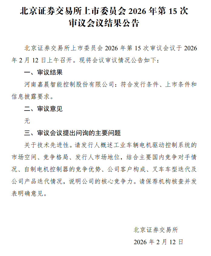 2月12日下午,北交所发布审核会议公告,河南嘉晨智能控制股份有限公司过会了。
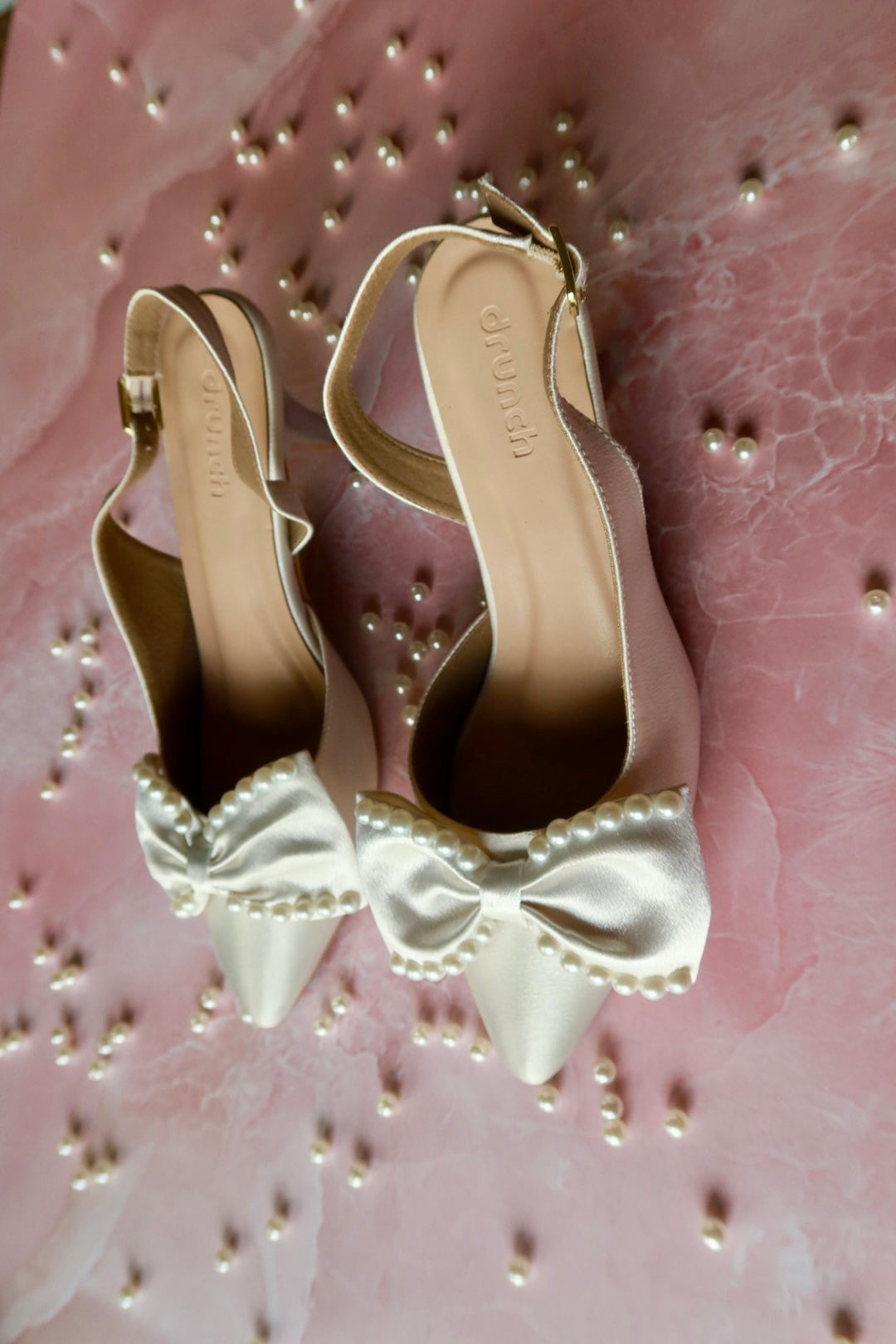 Wrapped in soft white satin and finished with delicate pearls, the Moonlit White Heels are designed for understated main-character moments. With a closed-toe silhouette and a comfort-first fit, they’re bridal-worthy yet versatile enough for any special occasion. Like every Drunch pair, they speak in whispers but leave a lasting impression.
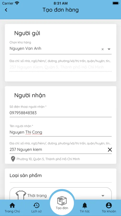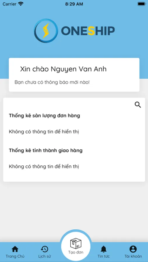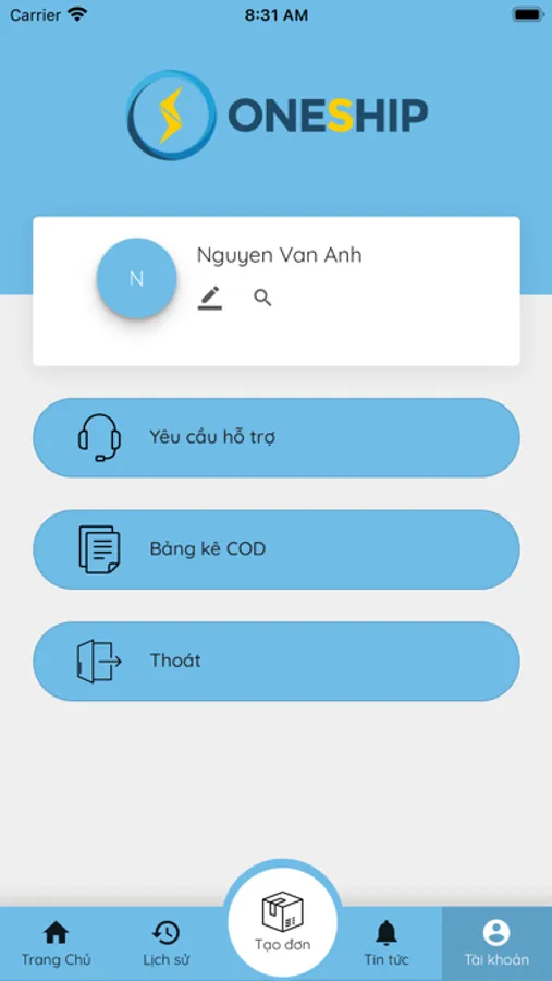 Ứng dụng Quản lý đơn hàng dành cho khách hàng sử dụng dịch vụ của Oneship, bao gồm các tính năng:
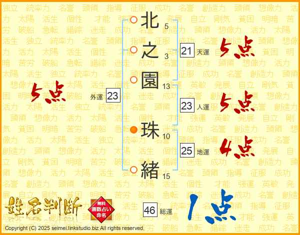 北(5画)之(3画)園(13画) 珠(10画)緒(15画)
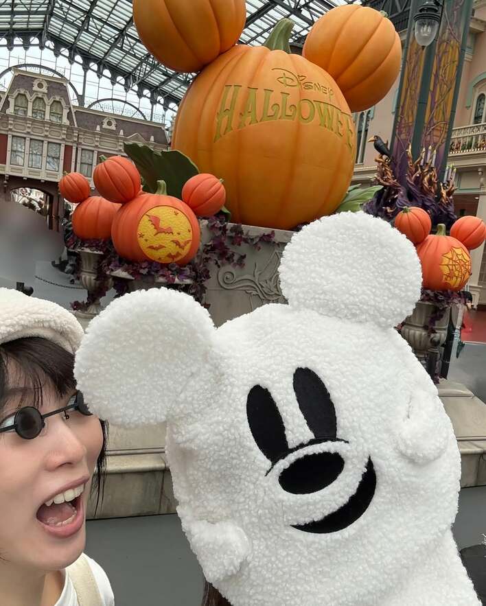 2025年9月17日から開催されているスペシャルイベント「ディズニー・ハロウィーン」を満喫したそうで、ミッキーの形になった大きなカボチャのオブジェをバックにパシャリ。
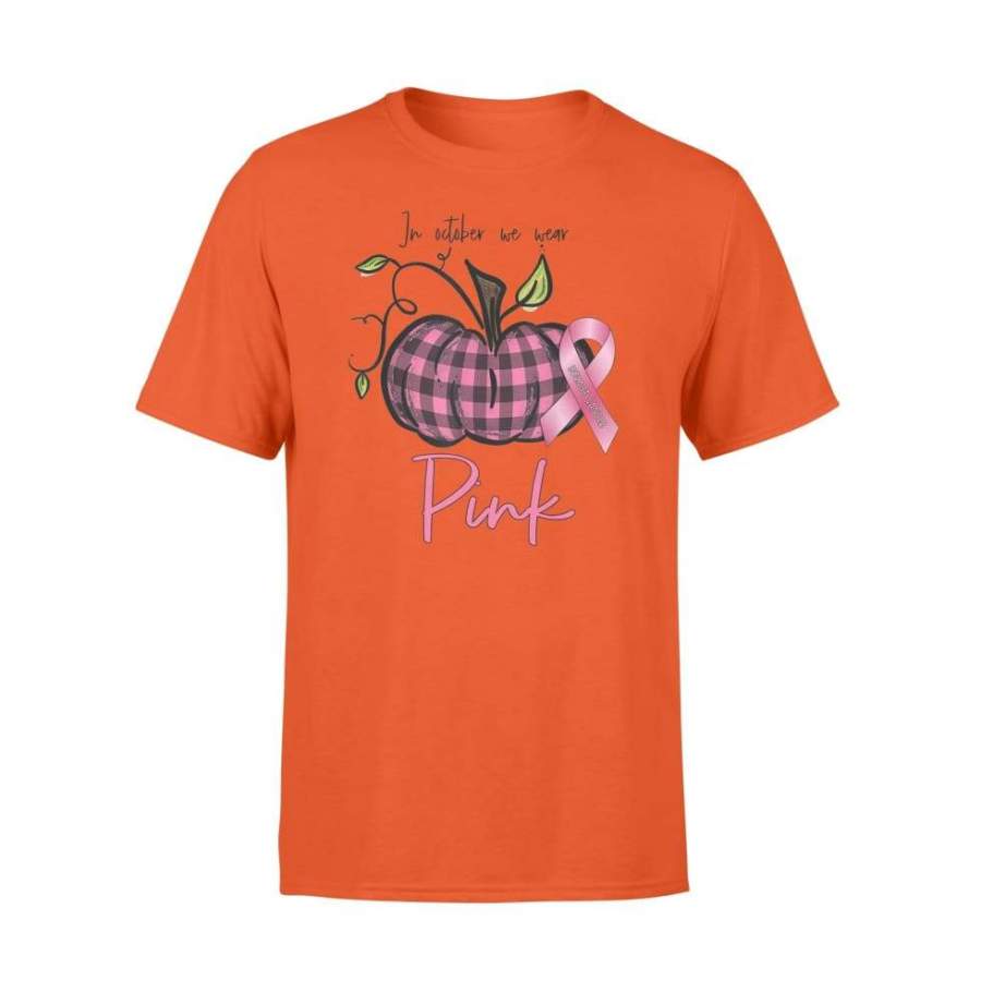 In October We Wear Pink Pumpkin Breast Cancer Awareness Gift Shirt For Men Women – Standard T-shirt
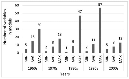 The development and evolution of these discriminant analysis models were also connected with the number of exogenous (diagnostic) variables that were used in these models over the decades. Within this scope, J.L. Bellovary, D.E. Giacomino, and M.D. Akers carried out research into the number and character of the variables used in the models, among other things (). Based on the research findings, Figure 1 presents the number of diagnostic variables used in the bankruptcy prediction models.
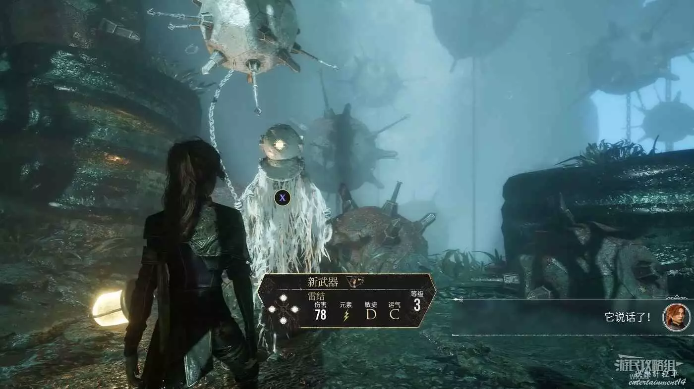 從對面出口回到剛才的開闊區域,通過壺口回到雷靈的位置,將剛才撿到的水雷交給它獲得武器【雷結】。
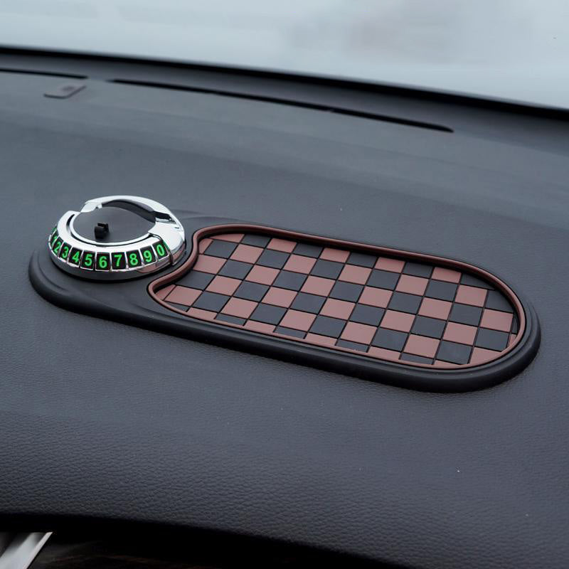 מחזיק טלפון סלולרי + לוחית רישוי לחניה + שטיח אחסון מחזיק רכב רב תכליתי עמיד ומונע החלקה, הופך את הנהיגה לבטוחה וקלה יותר.
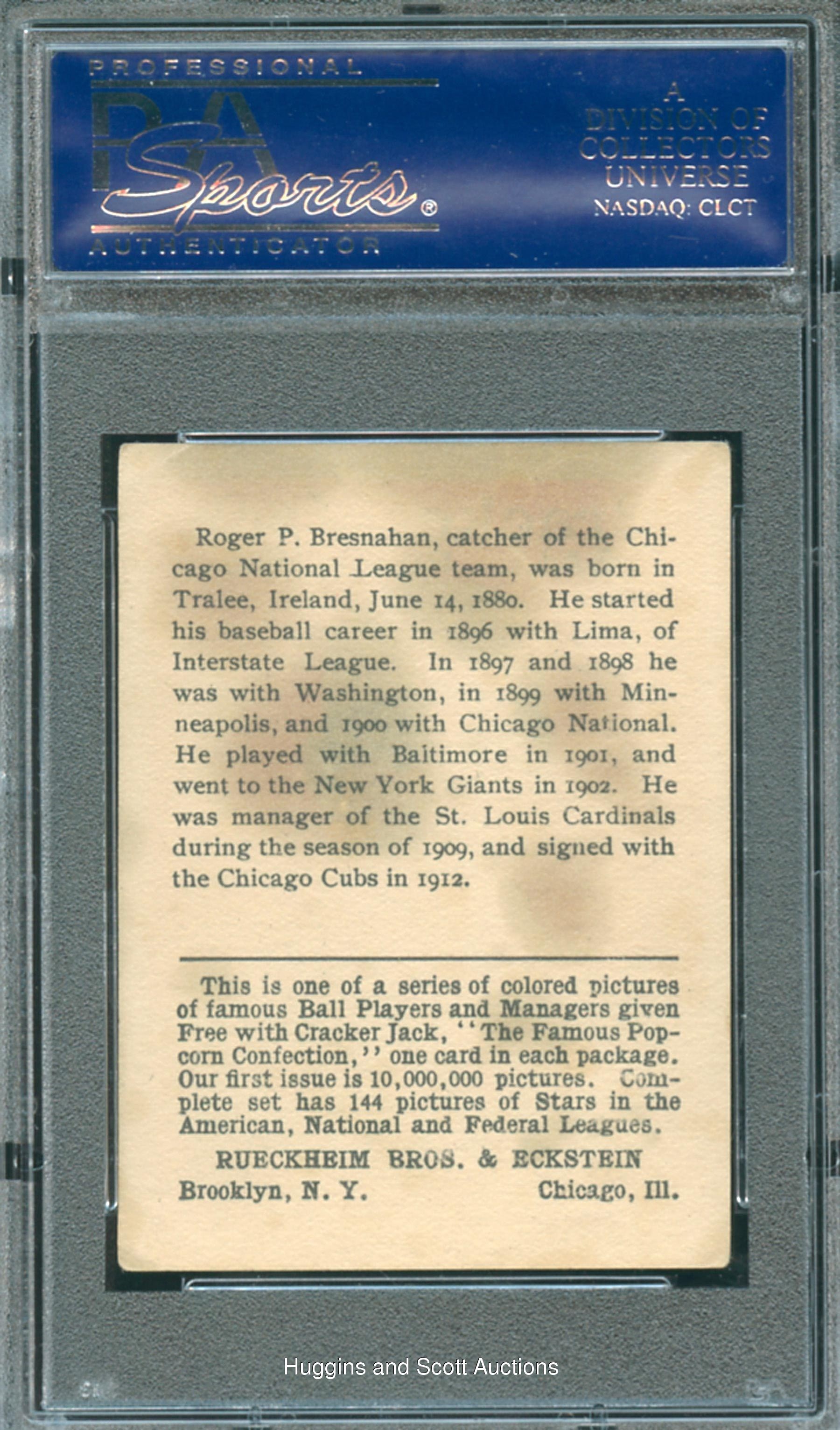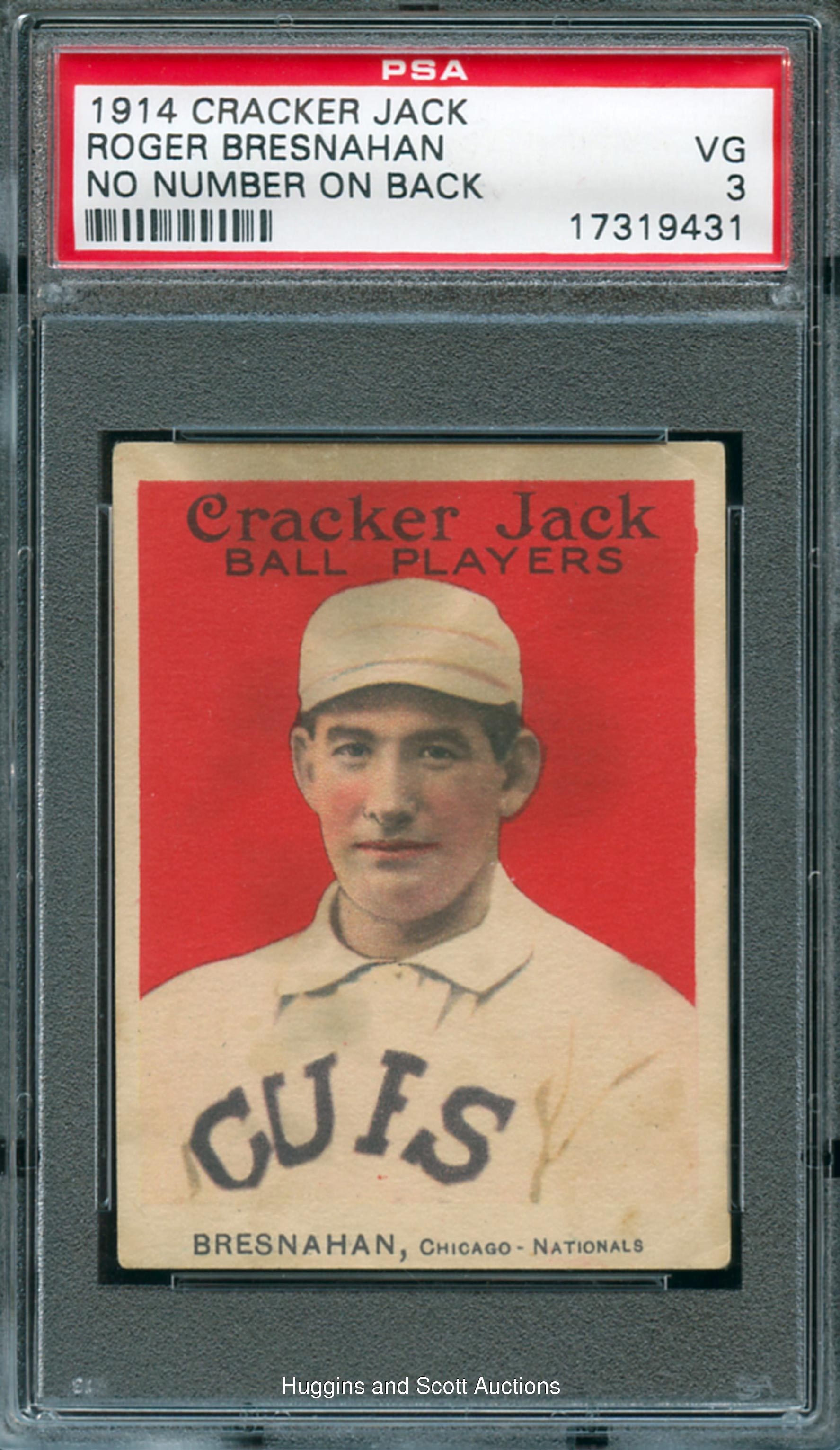 Graded VG 3 by PSA. Presented is a gorgeous 1914 Cracker Jack Roger Bresnahan (no number) variation. As one of the “first issue of 10,000,000 pictures,” only seventeen similar copies have been registered with the third-party service. This portrait of the Hall of Fame backstop emerges from a radiant red backdrop. This crease-free sample with evenly worn corners has extensive caramel discoloration common to the issue. One of two examples at the grading tier with only six better.
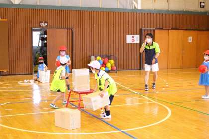 ボール投げゲームがスタートし、全力プレーです。

**Task prompt:** Print out the material word for word, omitting the pictures.

**Task solution:**
 2月12日下午,北交所发布审核会议公告,河南嘉晨智能控制股份有限公司过会了。
 Wrapped in soft white satin and finished with delicate pearls, the Moonlit White Heels are designed for understated main-character moments. With a closed-toe silhouette and a comfort-first fit, they’re bridal-worthy yet versatile enough for any special occasion. Like every Drunch pair, they speak in whispers but leave a lasting impression.
 Ứng dụng Quản lý đơn hàng dành cho khách hàng sử dụng dịch vụ của Oneship, bao gồm các tính năng:
 北(5画)之(3画)園(13画) 珠(10画)緒(15画)
 2025年9月17日から開催されているスペシャルイベント「ディズニー・ハロウィーン」を満喫したそうで、ミッキーの形になった大きなカボチャのオブジェをバックにパシャリ。
 In October We Wear Pink Pumpkin Breast Cancer Awareness Gift Shirt For Men Women – Standard T-shirt
 The development and evolution of these discriminant analysis models were also connected with the number of exogenous (diagnostic) variables that were used in these models over the decades. Within this scope, J.L. Bellovary, D.E. Giacomino, and M.D. Akers carried out research into the number and character of the variables used in the models, among other things (). Based on the research findings, Figure 1 presents the number of diagnostic variables used in the bankruptcy prediction models.
 從對面出口回到剛才的開闊區域,通過壺口回到雷靈的位置,將剛才撿到的水雷交給它獲得武器【雷結】。
 מחזיק טלפון סלולרי + לוחית רישוי לחניה + שטיח אחסון מחזיק רכב רב תכליתי עמיד ומונע החלקה, הופך את הנהיגה לבטוחה וקלה יותר.
 Graded VG 3 by PSA. Presented is a gorgeous 1914 Cracker Jack Roger Bresnahan (no number) variation. As one of the “first issue of 10,000,000 pictures,” only seventeen similar copies have been registered with the third-party service. This portrait of the Hall of Fame backstop emerges from a radiant red backdrop. This crease-free sample with evenly worn corners has extensive caramel discoloration common to the issue. One of two examples at the grading tier with only six better.
 ボール投げゲームがスタートし、全力プレーです。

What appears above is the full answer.